Japan’s Quasi-Zenith Satellite System, designed to improve the availability & accuracy of satellite navigation over the island nation, will reach full strength on Monday when the fourth and last planned QZSS satellite takes flight atop an H-IIA rocket blasting off from the picturesque Tanegashima Space Center.
Michibiki-4 will complete the four-satellite constellation expected to deliver fully operational navigation augmentation starting next year with a future enhancement coming via the launch of additional satellites in the next decade.
The 53-meter tall H-IIA rocket is targeting an instantaneous liftoff time at 22:01:37 UTC on Monday, 7:01 a.m. local time, thundering off from its sea-side launch pad to dispatch the 4,000-Kilogram QZS-4 satellite into a highly elliptical transfer orbit. After separating from the rocket, QZS-4 will take a precise position in a specialized orbit, operating in a three-shift pattern alongside two other QZSS craft with each at high elevation over the Japanese Islands eight hours per day.
2017 has been a busy year for Japan’s QZSS program, aiming to have all satellites in orbit by the end of the year for final operational checkouts before declaring the system open for business in mid-2018. QZS-2 lifted off on June 1st and joined the first satellite in what is known as a Tundra orbit that offers optimized coverage over Japan.

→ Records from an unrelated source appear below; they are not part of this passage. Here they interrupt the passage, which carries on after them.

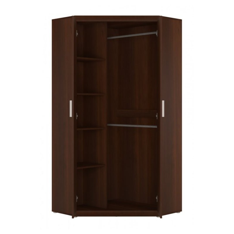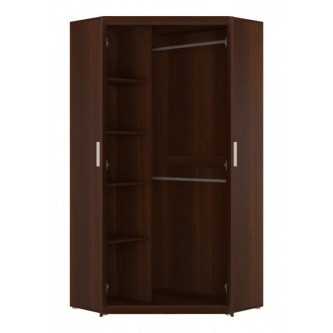 Meble z kolekcji Imperial to kilka eleganckich modeli zaskakujących przede wszystkim funkcjonalnością – idealnym na to przykładem jest prezentowana, narożna szafa wyposażona w 2 wnęki z drążkami na ubrania oraz 5 pojemnych półek, które bez problemu pomieszczą ubrania, buty i różnego rodzaju dodatki. Uwagę zwraca nie tylko starannie przemyślane wnętrze mebla, ale przede wszystkim jego wykończenie – konstrukcja szafy została bowiem wykonana z wytrzymałych i odpornych na uszkodzenia materiałów, które nawet po wielu latach użytkowania wciąż pięknie się prezentują. Całość uzupełniają kontrastowe detale w postaci srebrnych uchwytów, które dodają meblowi bardziej nowoczesnego charakteru.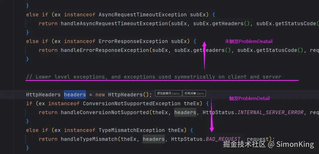 小编这里不太理解为什么会从中间分开,上半部分异常不会触发ProblemDetail异常包装,而下半部分会触发。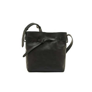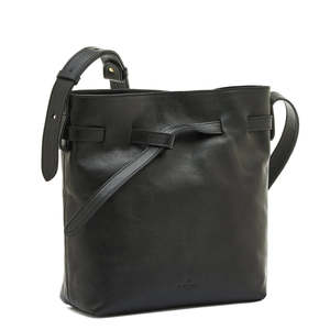 Women's bucket bag made of vegetable-tanned leather. Its essential design features a unique leather strap that circles its body. Wear it crossbody or over the shoulder thanks to the adjustable strap and brass stud. Covered magnetic snap closure. The interior is lined in cotton canvas and contains an open pocket and a handy strap fastened by a button for easy access to your key ring. Made by Il Bisonte in Italy. CONTENT & CARE: 100% Cowhide with brass hardware.

QZS-1 has been in orbit since September 2010 to serve as the program’s pathfinder mission, demonstrating the twofold navigation enhancement provided by the system. QZS-3, the heaviest in the group, took flight on August 19 and is the lone geostationary member of the constellation, hovering in a constant position in the sky to add a navigation beacon for the entire Asia-Pacific Region.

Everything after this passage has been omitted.